Adherence to therapy also remains a concern, he said.

“The real issue is how do we get people to adhere to people taking their statins, diet and exercise?” he said. “That’s the burning question, and it’s a real problem.”

Primary non-adherence can be common with statin use, Ballantyne said, whereas statin use during the first year can influence both health care cost and hospitalizations. A number of interventions can influence statin adherence, including patient copays and out-of-pocket costs.

“There are some things that can be done by pharmacy — automatic prescription refills, getting all your prescriptions refilled on the same day, can be done to improve adherence on the pharmacy level,” Ballantyne said. Low-tech interventions, like pill boxes, can also make a difference, he said.

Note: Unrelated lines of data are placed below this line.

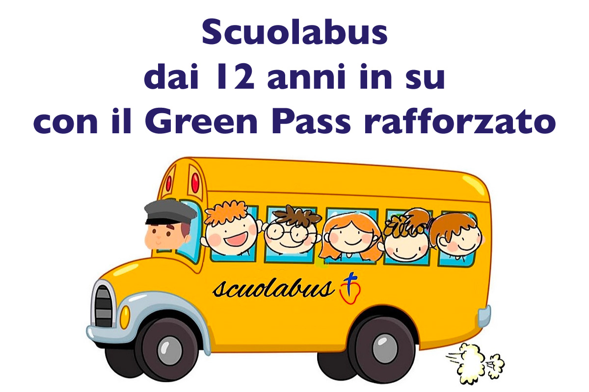 Dal lunedì 10 gennaio, in ottemperanza agli ultimi provvedimenti governativi in materia di emergenza epidemiologica da covid-19, gli alunni dai 12 anni compiuti che usufruiscono del servizio di Scuolabus, dovranno essere in possesso del Green Pass Rafforzato (vaccinazione o guarigione da Covid-19).
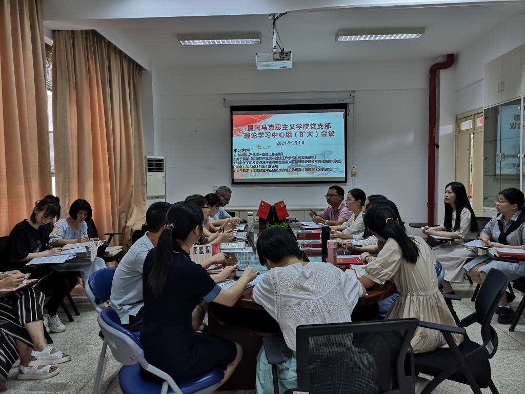 2021年9月1日,直屬馬克思主義學院黨支部在行政樓107召開黨支部理論學習中心組(擴大)會議,會議由黨支部書記熊美蘭主持。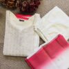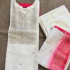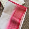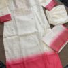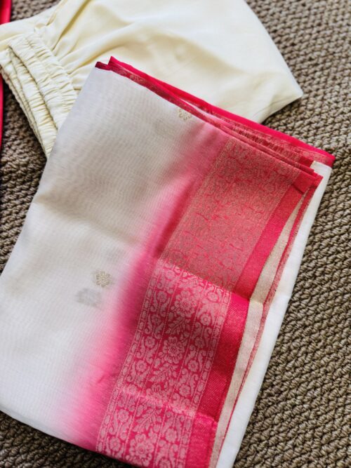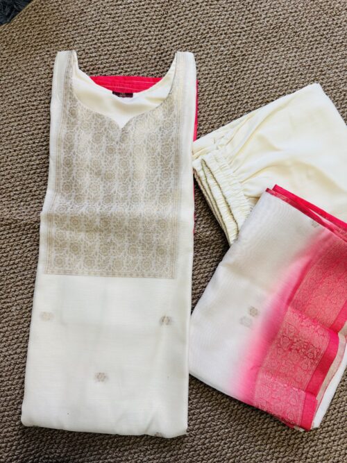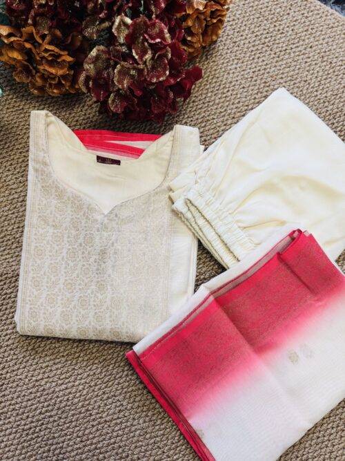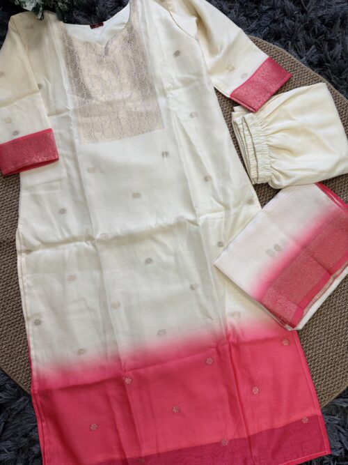 A luxurious 3-piece set featuring a creamy off-white kurta with antique Zari weave at yoke and subtly transitions to a vibrant peach ombre at bottom of the kurta. Crafted from premium Dola Silk, this ensemble includes straight-cut trousers and a stunning dupatta finished with an Antique Gold Zari weave along the contrasting peach border. Effortless elegance for any special occasion.

“When you have about six or seven medications, people need these types of things,” he said. “We’re fortunate to have [BP] and lipid medications that are generic but, if you don’t take them, you don’t get much benefit.”

New lipid-management therapies are also expensive, and both patients and providers often get lost in the maze of the drug-coverage process, Ballantyne said.

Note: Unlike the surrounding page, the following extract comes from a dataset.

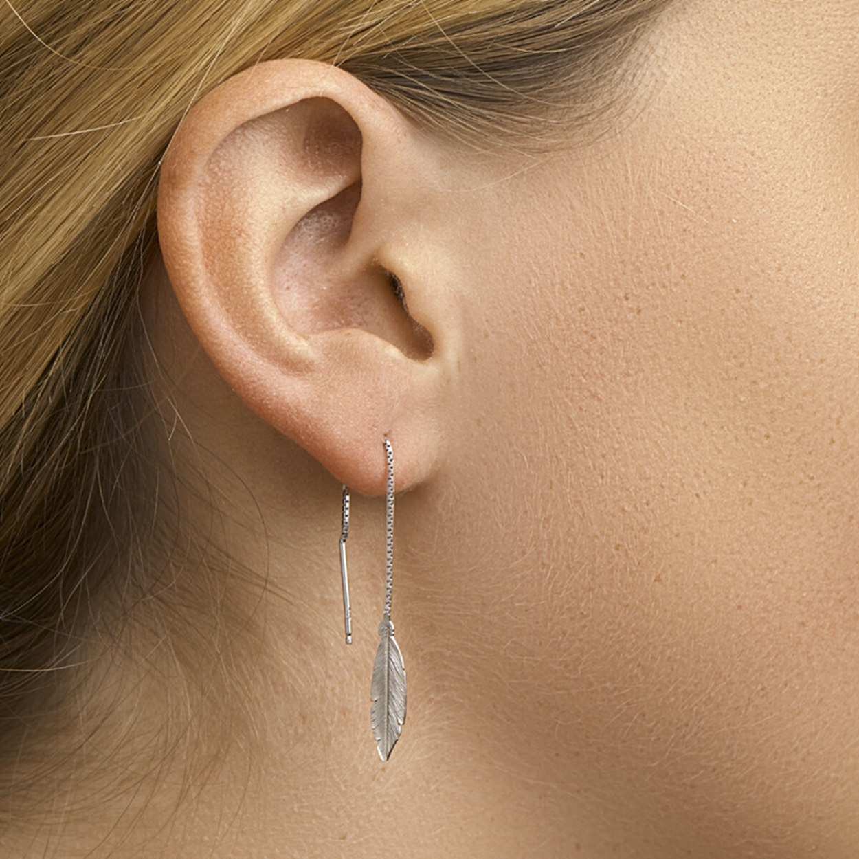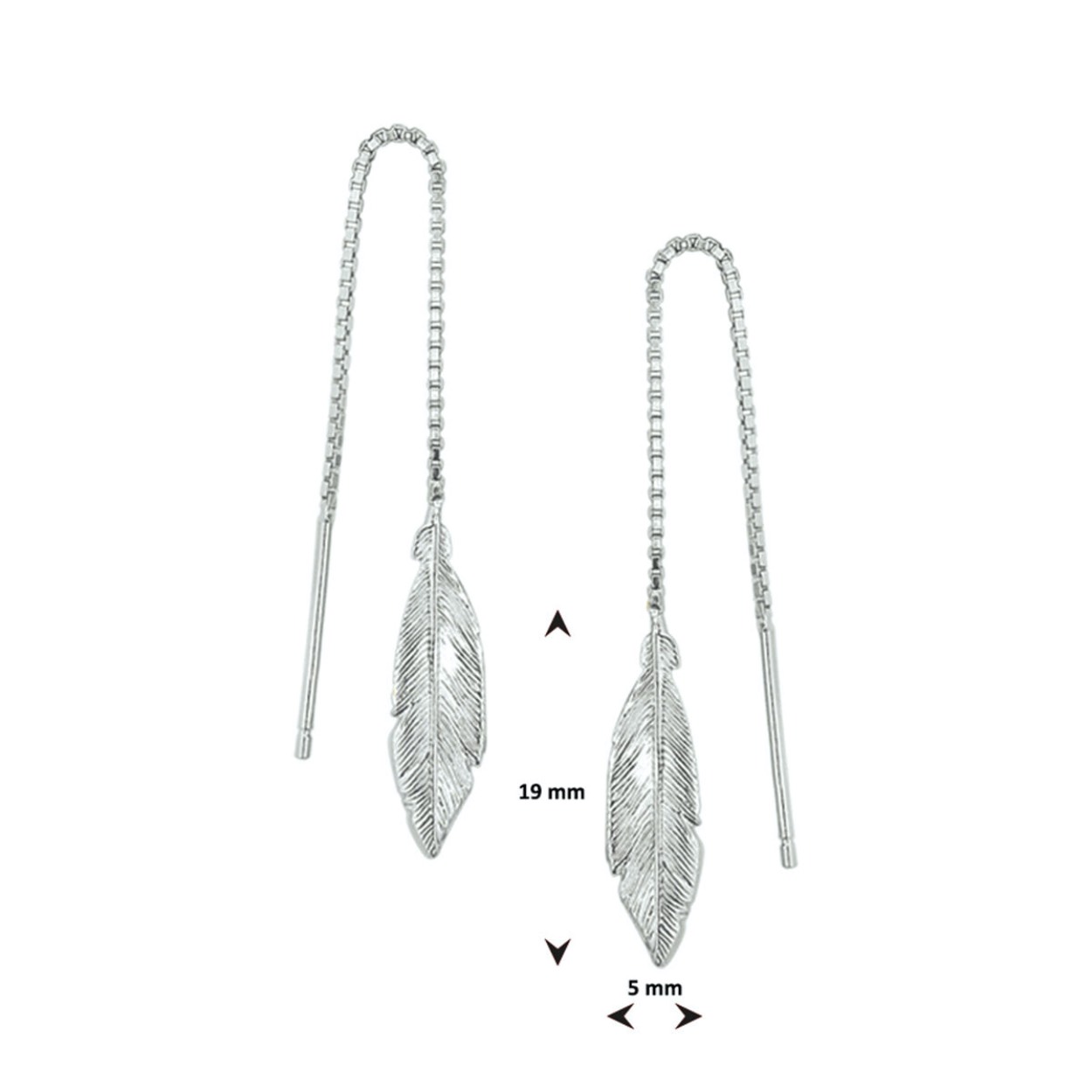 Gerhodineerd zilveren doortrekoorbellen met een veer.

“How do you get through the (drug) denial process?” he said. “The issue that comes up, is it takes a lot of push.”

In the first 6 months after PCSK9 inhibitors became available, patients who made an initial attempt to fill the prescription were rejected at a rate of 88.3%, Ballantyne said. Among Medicare recipients, the rejection rate was 75.4%. More consistent criteria from payers, along with checklists, algorithms and sharing of best practices can reduce wasted time and avoid frustration among health care providers and patients in the approval/denial process, he said.

“The challenge is to help simplify this, and come up with more uniform standards to make it easier for people to understand that the right patient uses the right drug at the right time,” Ballantyne said. – by Regina Schaffer

Reference:

Ballantyne CM. Lipid-Modifying Therapies 2016: Opportunities and Challenges. Presented at: Cardiometabolic Health Congress; Oct. 5-8, 2016; Boston.

Disclosure: Ballantyne reports receiving grant or research support or consultant fees from Abbott Diagnostic, Amarin, Amgen, Astra Zeneca, Eli Lilly, Esperion, Genzyme, ISIS, Matinas BioPharma Inc., Merck, Novartis, Pfizer, Otsuka, Regeneron, Roche Diagnostic, Sanofi, and Takeda.